◆ Task objective: In the data below, find the line with "linuxidc@linuxidc:~/www.linuxidc.com/Linux公社 -$ sudo" and the line with "(f.i.l. C255716/1) |", then restate both and every line between them exactly, minus the pictures.

(Data excerpts)
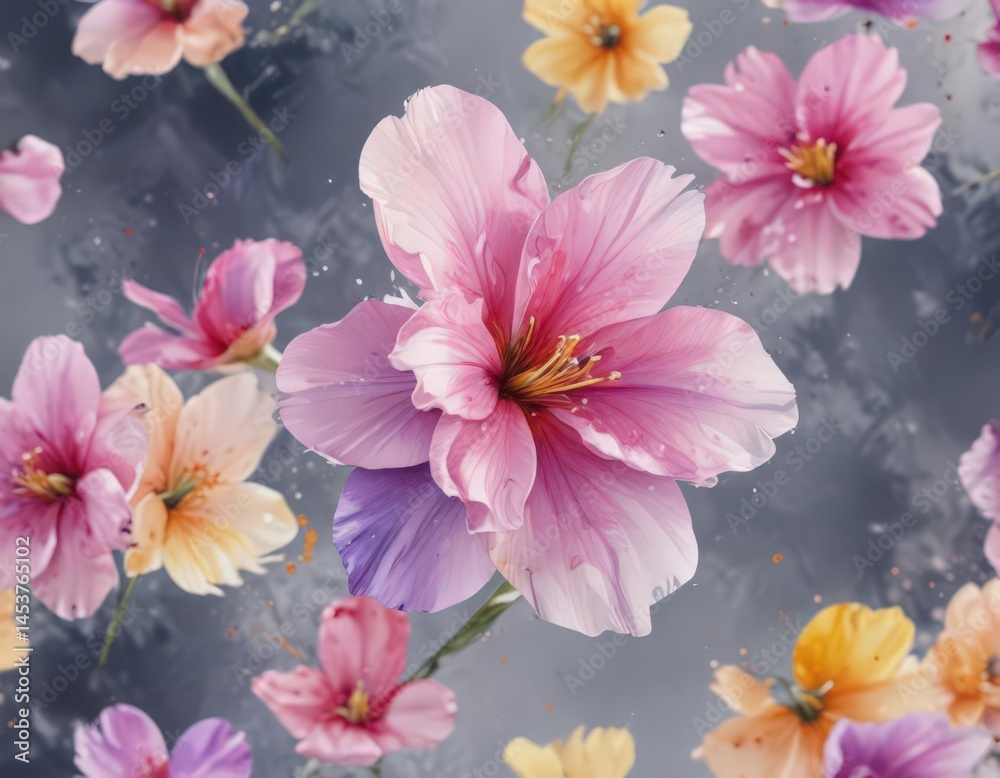 Expressive Watercolor Flower Petals Artistic Composition Vibrant Bright Wallpaper Mural - Decorly Solutions | Decorly Solutions
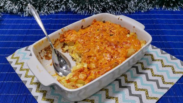 Priprema: Izdinstajte praziluk pa dodajte belo meso, na kraju dodajte masline. U isto vreme obarite testeninu. Kada je sve gotovo, proceite i pomešajte testeninu i meso i stavite u nauljen pleh.
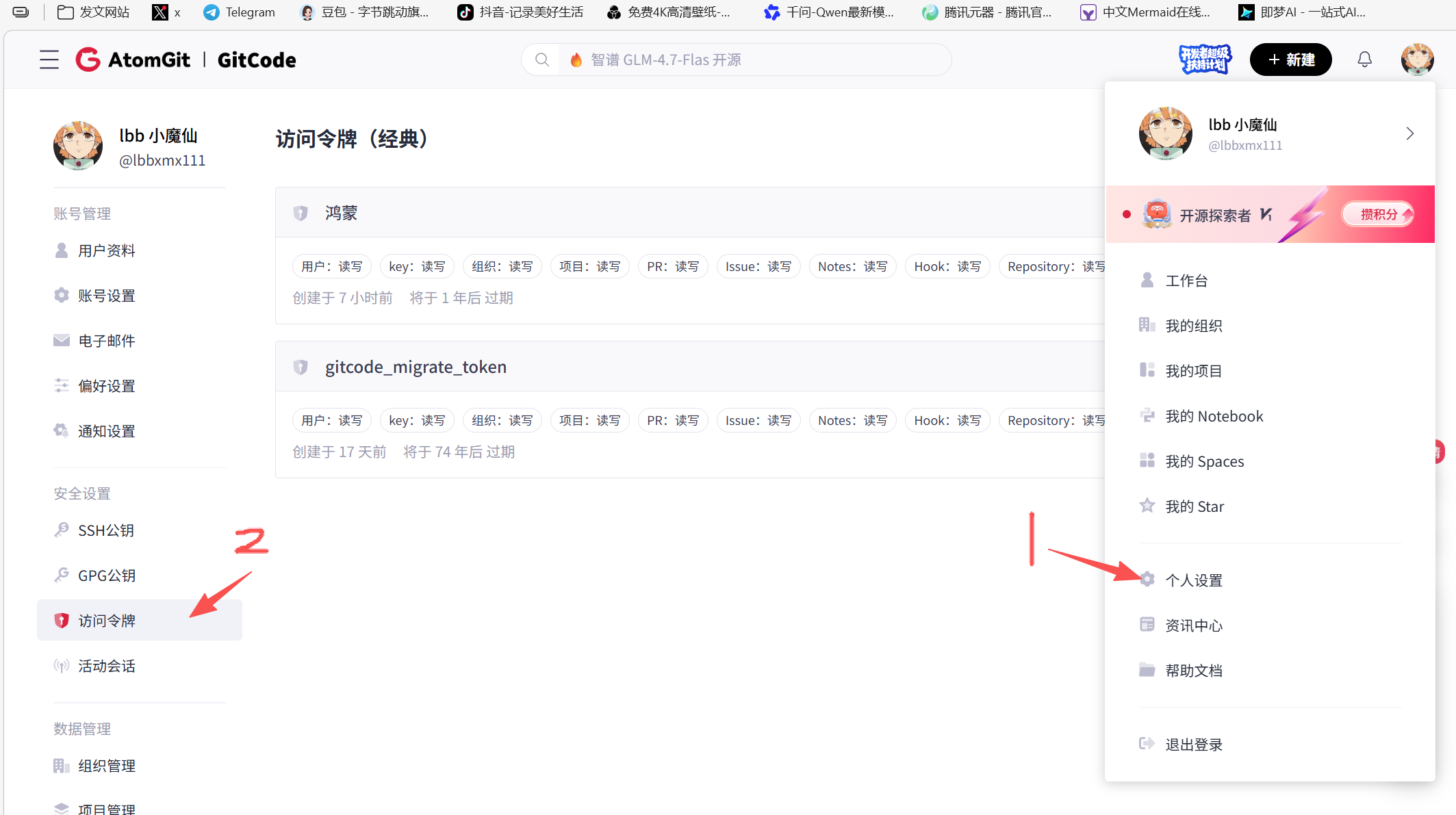 - Git 免密推送:配置 SSH 密钥(AtomGit 官网有详细教程),后续推送无需重复输入账号密码(可以试试,但是AtomGit输入上访问令牌之后也不会二次输入)
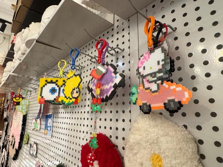 在上海市一家手工坊内的展示墙上,挂着各式各样的拼豆挂件。新华社记者程思琪 摄
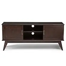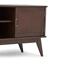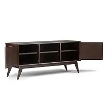 Your TV deserves a stylish and sturdy stand. The Draper Mid Century modern Low TV Media Stand is a well-designed piece of furniture. The center features two shelves with cable management cutouts for your electronics. Two side cabinets each have one adjustable shelf for your DVD or game collection. This 26" high stand can accommodate a TV up to 65". Cord Management Cutouts to allow for neat & organized look for the wires from all your devices. Mid Century Modern style evokes a time long past with its clean lines, elegant sensibility and tapered legs. Efforts are made to reproduce accurate colors, variations in color may occur due to computer monitor and photography. At Simpli Home we believe in creating excellent, high quality products made from the finest materials at an affordable price. Every one of our products come with a 1-year warranty and easy returns if you are not satisfied.
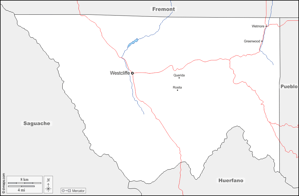 d-maps > संयुक्त राज्य > कोलोराडो > कस्टर > सीमाओं, जल-सर्वेक्षण, मुख्य शहरों, सड़कों, नाम
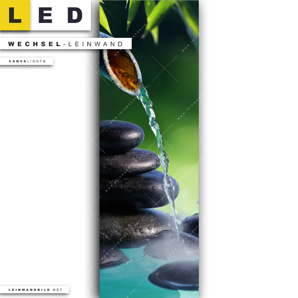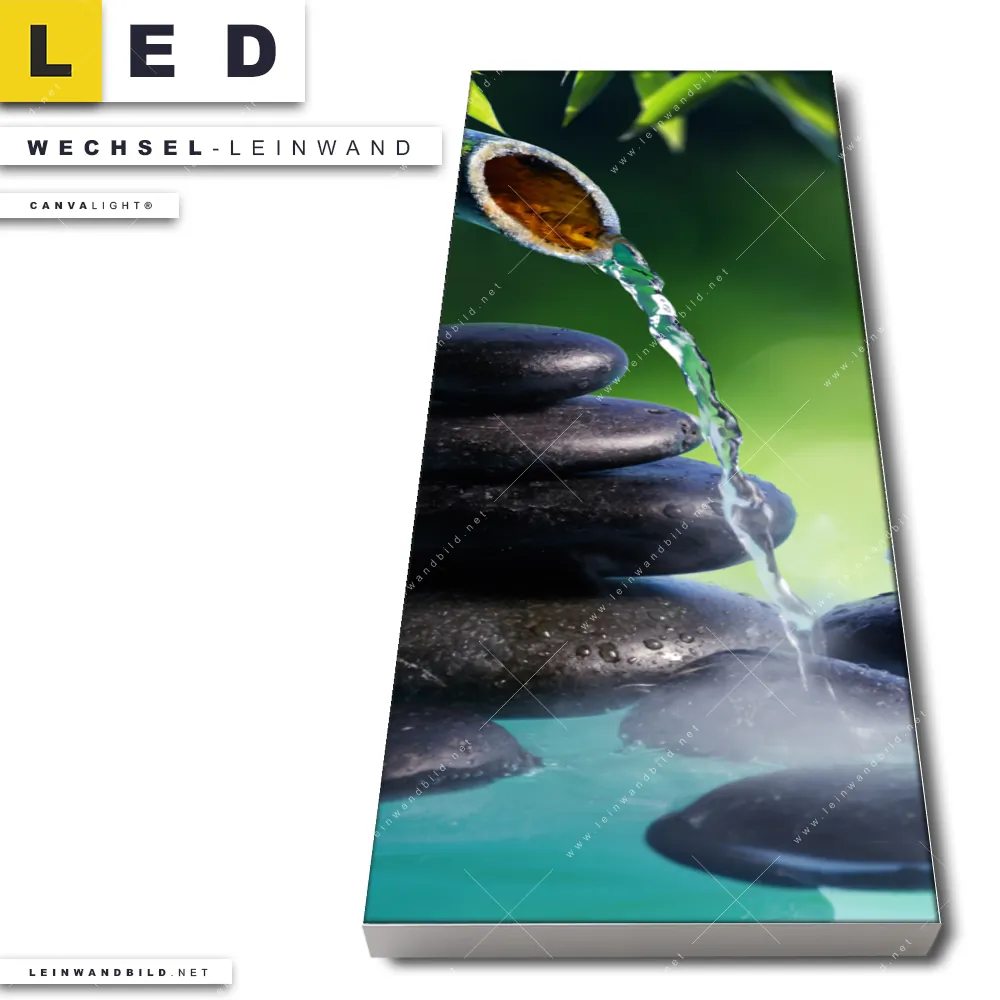 Dann sollte die Wechsel-Leinwand Canvalight® TEX | Japanischer Brunnen | Schmal den Weg zu Dir finden. Die Austausch-Leinwand Zen-Steine im Wasser - passend für unsere stufenlos dimmbaren, steckerfertigen Leinwandbilder im LED Leuchtrahmen mit Fernbedienung und optionaler Farbtemperatursteuerung - fügt sich als Eye-Catcher harmonisch in jedes Arzt - Praxis, Wohnzimmer - Schlafzimmer, Friseur - Beauty Raumkonzept ein.
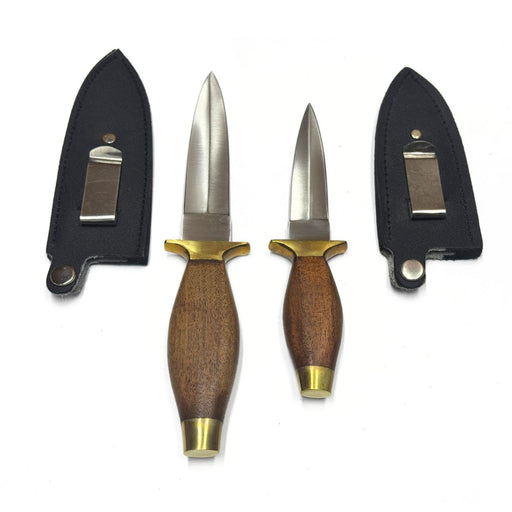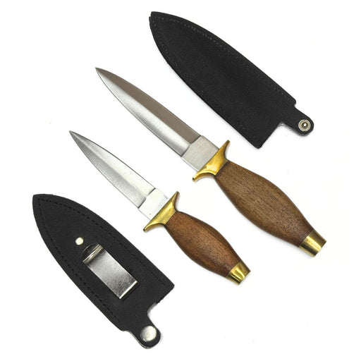 This Double Edge Boot Knife features a sturdy wooden handle paired with a brass guard and pommel for durability and classic style. Available in two...
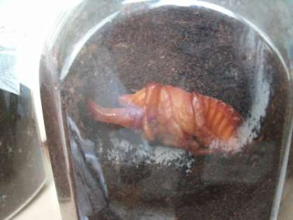 クラスの友達が持ってきてくれたカブトムシのさなぎです。
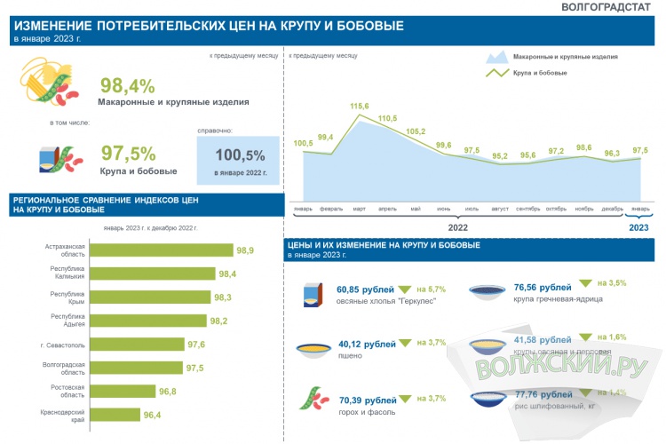 Как сообщили Волжский.ру в территориальном органе госстатистики, за прошлый год макаронные и крупяные изделия в среднем подешевели на 1,6%. При этом крупа и бобовые стали дешевле на 2,5%. Цена на хлопья «Геркулес» снизилась на 5,7%, пшено, горох и фасоль - 3,7%, гречку - 3,5%, овсянку и перловку - 1,6%, рис - 1,4%. Согласно представленной инфографике, уже в январе 2023 года кривая цен снова начала ползти вверх.
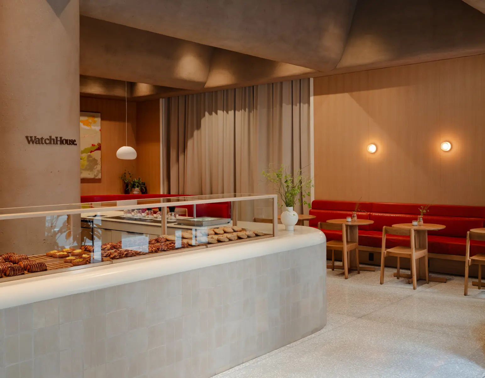Hver WatchHouse-lokation tilbyder en moderne fortolkning af den moderne kaffeoplevelse, omhyggeligt forankret i det lokale samfund. Varme brune og naturlige trætoner skaber en indbydende, intim atmosfære, mens tekstureret puds og metalaccenter bringer en livlig, urban energi.
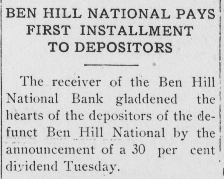 BEN HILL NATIONAL PAYS FIRST INSTALLMENT TO DEPOSITORS The receiver of the Ben Hill National Bank gladdened the hearts of the depositors of the defunct Ben Hill National by the announcement of a 30 per cent dividend Tuesday.
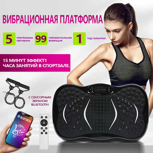 Виброплатформа для похудения до 150кг, Виброплатформа массажер для ног, 99 скоростей, эспандеры 2 шт, чёрная
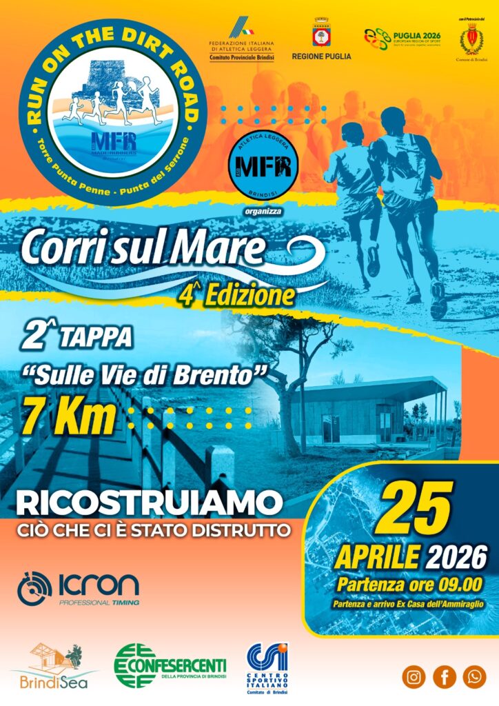 4° Run on The Dirt Road-Corri sul Mare Data: 25/04/2026 Località: Punta Penna (Br) 🏆 📌 Luogo: Puglia / Brindisi⏰ Orario: 9,30📏 Distanza (max): 7 km📍 Indirizzo: Punta Penna (Br)Descrizione: Km 7 Volantino / Regolamento
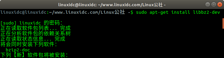 linuxidc@linuxidc:~/www.linuxidc.com/Linux公社 -$ sudo apt-get install libbz2-dev
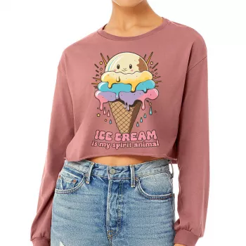Funny Ice Cream Cropped Long Sleeve T-Shirt – Cute Women’s T-Shirt – Graphic Long Sleeve Tee
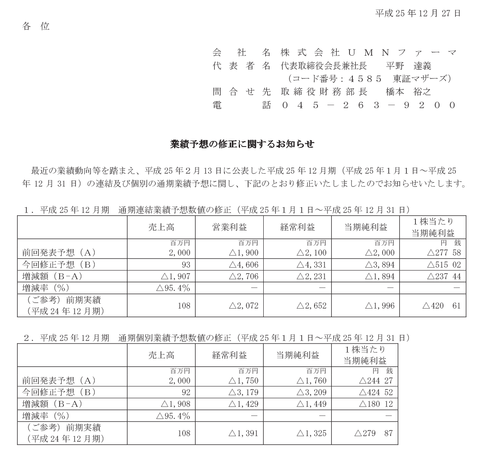 創薬ベンチャーのUMNファーマ「売上高を△95.4%に修正いたしました」
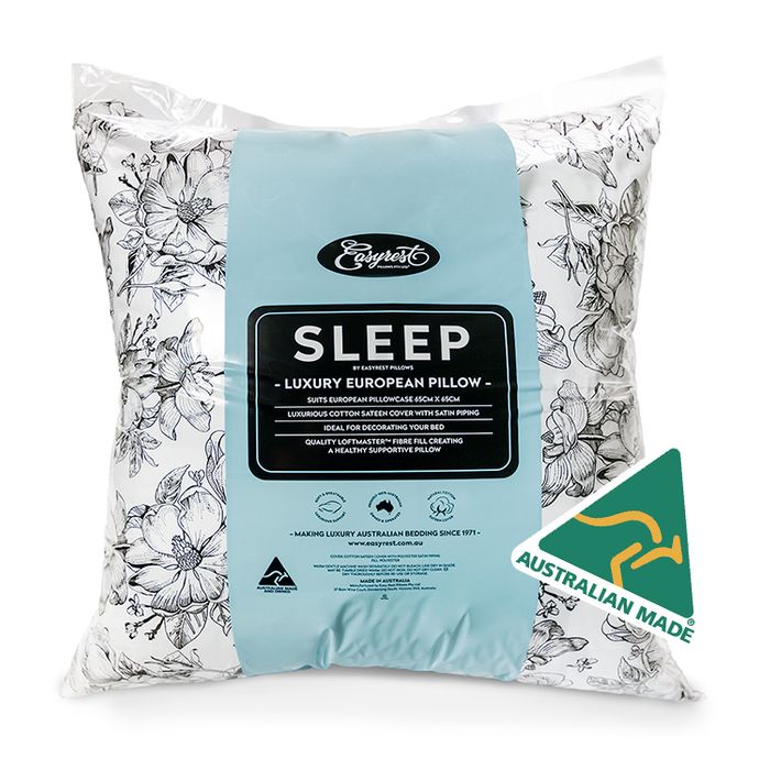 The SLEEP range of pillows has been designed for the discerning customer looking for that touch of luxury. Cotton sateen with a square check pattern and satin piping, this range has the ultimate blends of fibre fill for all types of sleepers. The range includes; Dual Support (for Side Sleepers or those who prefer a firmer feel), Down Alternative (for those who love the sumptuous down like feel without feathers), Twinpack (Gusseted medium pillows for back and side sleepers) and the Luxury European pillow that offers medium support. This European pillow will perfectly fill out your 65x65cm European pillowcase. For more information on this NEW range click here.
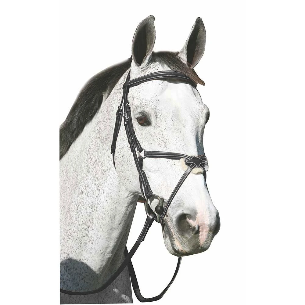 The HDR Pro Stress Free Figure 8 Raised and Padded Bridle with matching reins is a professional figure 8 jumper bridle with special fit and padding to keep your horse comfortable and focused on his work. Integrated crown design combines crown piece and nose band hanger into a single unit Padded, contoured headstall for comfort and style Fleece backed nose piece Attractive contrast colored stitching
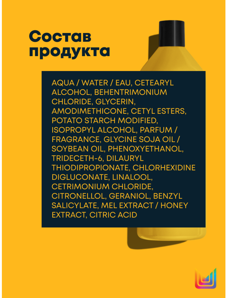 | Состав | aqua /water, cetearyl alcohol, behentrimonium chloride, glycerin, amodimethicone, cetyl esters, potato starch modified, isopropyl alcohol, parfum / fragrance, glycine soja oil / soybean oil, phenoxyethanol, trideceth-6, dilauryl thiodipropionate, chlorhexidine digluconate, linalool, cetrimonium chloride, citronellol, geraniol, benzyl salicylate, mel extract / honey extract, citric acid (f.i.l. C255716/1) |
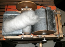 The carded fiber is then spun into a yarn or "singles" which will be stored until all the fiber is spun. I then take 2 strands and spin them together, this is called plying. When all the yarn is plied, I skein the yarn, wash it and set the twist. When dry, I weigh it. The finished yarn weight is how your fee is calculated.

◆ Task solution:
 linuxidc@linuxidc:~/www.linuxidc.com/Linux公社 -$ sudo apt-get install libbz2-dev
Funny Ice Cream Cropped Long Sleeve T-Shirt – Cute Women’s T-Shirt – Graphic Long Sleeve Tee
 創薬ベンチャーのUMNファーマ「売上高を△95.4%に修正いたしました」
 The SLEEP range of pillows has been designed for the discerning customer looking for that touch of luxury. Cotton sateen with a square check pattern and satin piping, this range has the ultimate blends of fibre fill for all types of sleepers. The range includes; Dual Support (for Side Sleepers or those who prefer a firmer feel), Down Alternative (for those who love the sumptuous down like feel without feathers), Twinpack (Gusseted medium pillows for back and side sleepers) and the Luxury European pillow that offers medium support. This European pillow will perfectly fill out your 65x65cm European pillowcase. For more information on this NEW range click here.
 The HDR Pro Stress Free Figure 8 Raised and Padded Bridle with matching reins is a professional figure 8 jumper bridle with special fit and padding to keep your horse comfortable and focused on his work. Integrated crown design combines crown piece and nose band hanger into a single unit Padded, contoured headstall for comfort and style Fleece backed nose piece Attractive contrast colored stitching
 | Состав | aqua /water, cetearyl alcohol, behentrimonium chloride, glycerin, amodimethicone, cetyl esters, potato starch modified, isopropyl alcohol, parfum / fragrance, glycine soja oil / soybean oil, phenoxyethanol, trideceth-6, dilauryl thiodipropionate, chlorhexidine digluconate, linalool, cetrimonium chloride, citronellol, geraniol, benzyl salicylate, mel extract / honey extract, citric acid (f.i.l. C255716/1) |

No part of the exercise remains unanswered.